● WHAT TO PRODUCE
Give the records again word for word. Leave every picture out.

[Opening DATA UNDER STUDY section]

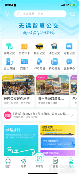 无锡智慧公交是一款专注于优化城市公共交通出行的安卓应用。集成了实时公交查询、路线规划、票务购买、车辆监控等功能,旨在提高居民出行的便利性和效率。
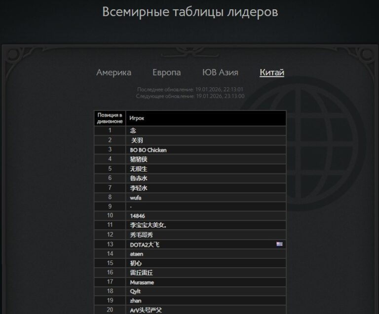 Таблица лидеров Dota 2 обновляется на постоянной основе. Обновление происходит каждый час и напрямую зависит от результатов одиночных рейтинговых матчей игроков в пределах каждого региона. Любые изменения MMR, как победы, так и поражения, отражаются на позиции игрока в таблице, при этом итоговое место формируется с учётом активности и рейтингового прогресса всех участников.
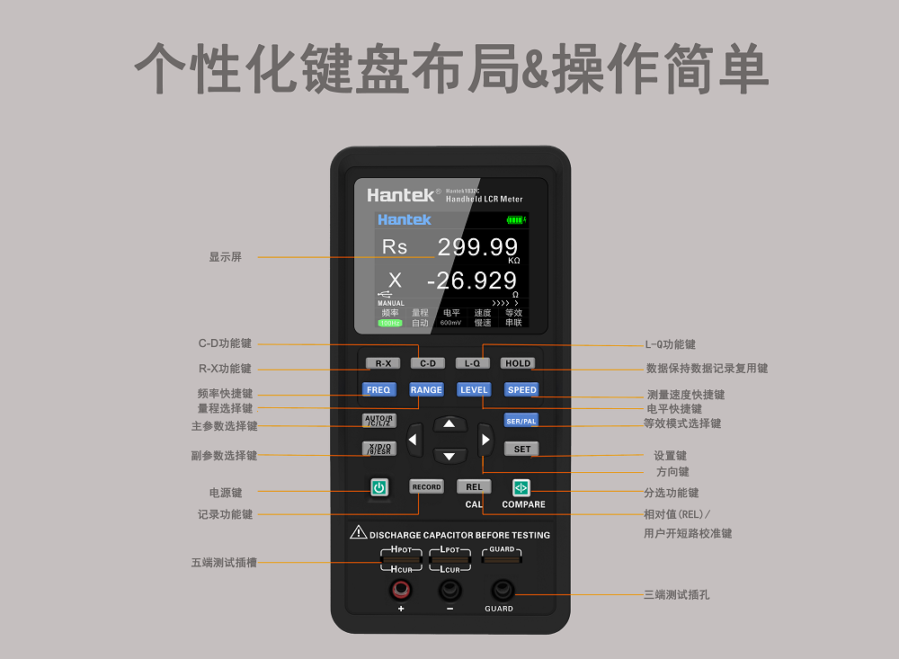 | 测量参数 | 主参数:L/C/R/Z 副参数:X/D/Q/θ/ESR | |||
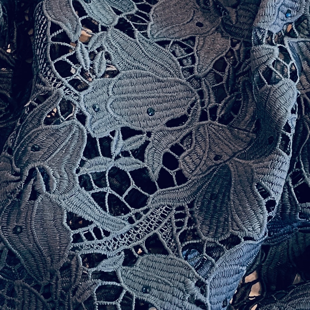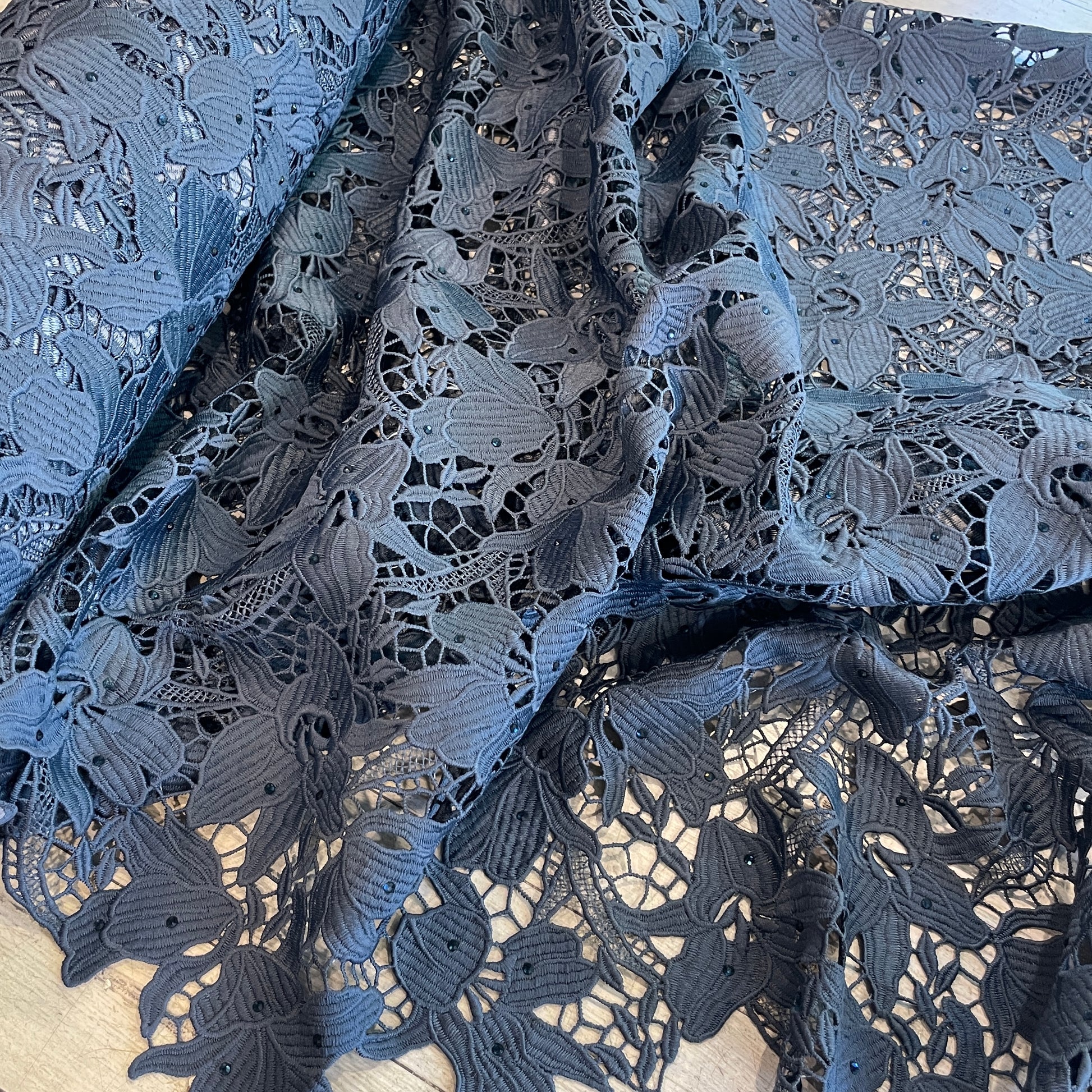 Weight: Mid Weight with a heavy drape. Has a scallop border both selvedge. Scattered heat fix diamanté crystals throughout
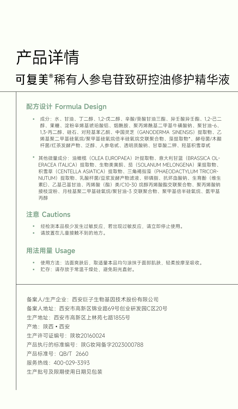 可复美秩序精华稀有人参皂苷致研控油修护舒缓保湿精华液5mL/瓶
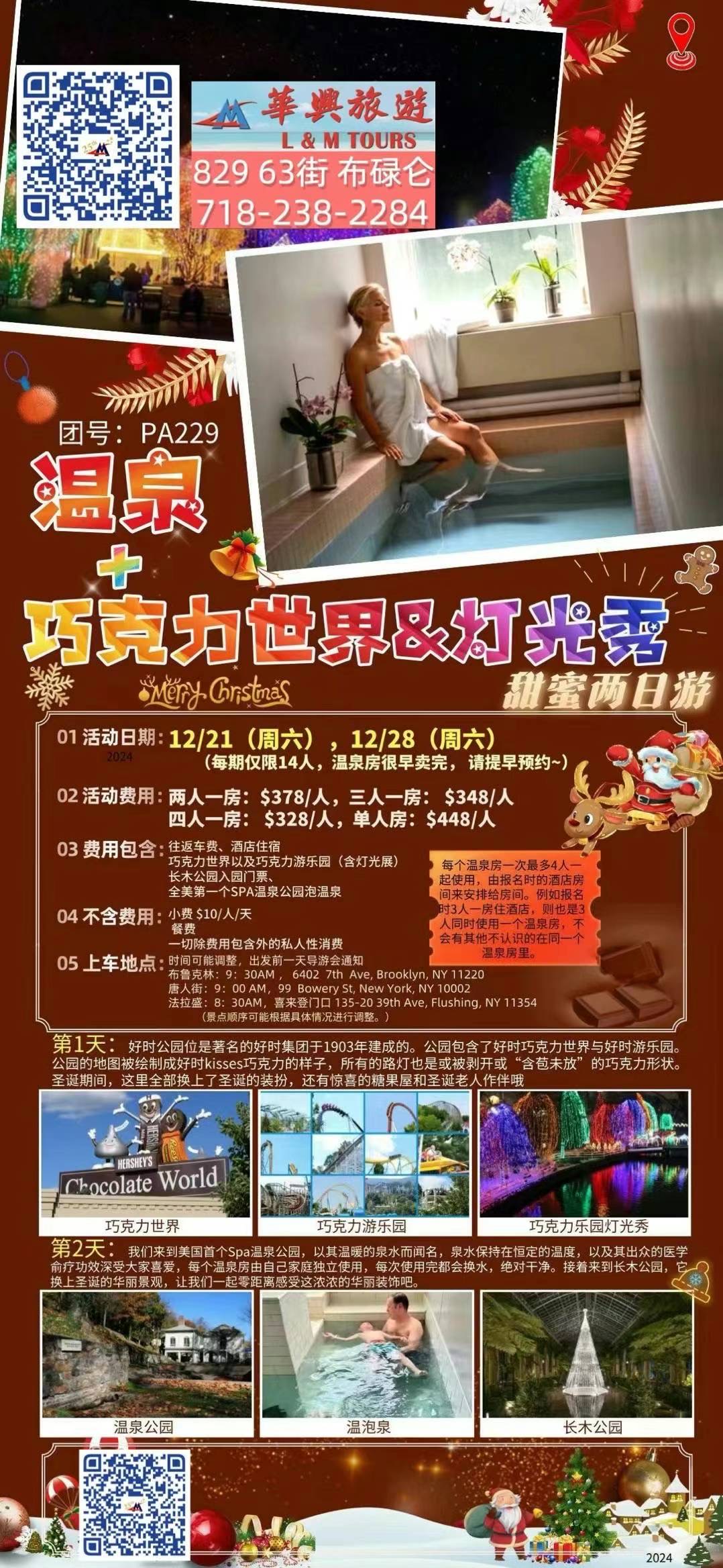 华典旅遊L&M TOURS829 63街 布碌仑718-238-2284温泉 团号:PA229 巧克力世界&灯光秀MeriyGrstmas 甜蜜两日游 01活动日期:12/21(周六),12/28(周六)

[Closing DATA UNDER STUDY section]

● TASK SOLUTION
 无锡智慧公交是一款专注于优化城市公共交通出行的安卓应用。集成了实时公交查询、路线规划、票务购买、车辆监控等功能,旨在提高居民出行的便利性和效率。
 Таблица лидеров Dota 2 обновляется на постоянной основе. Обновление происходит каждый час и напрямую зависит от результатов одиночных рейтинговых матчей игроков в пределах каждого региона. Любые изменения MMR, как победы, так и поражения, отражаются на позиции игрока в таблице, при этом итоговое место формируется с учётом активности и рейтингового прогресса всех участников.
 | 测量参数 | 主参数:L/C/R/Z 副参数:X/D/Q/θ/ESR | |||
 Weight: Mid Weight with a heavy drape. Has a scallop border both selvedge. Scattered heat fix diamanté crystals throughout
 可复美秩序精华稀有人参皂苷致研控油修护舒缓保湿精华液5mL/瓶
 华典旅遊L&M TOURS829 63街 布碌仑718-238-2284温泉 团号:PA229 巧克力世界&灯光秀MeriyGrstmas 甜蜜两日游 01活动日期:12/21(周六),12/28(周六)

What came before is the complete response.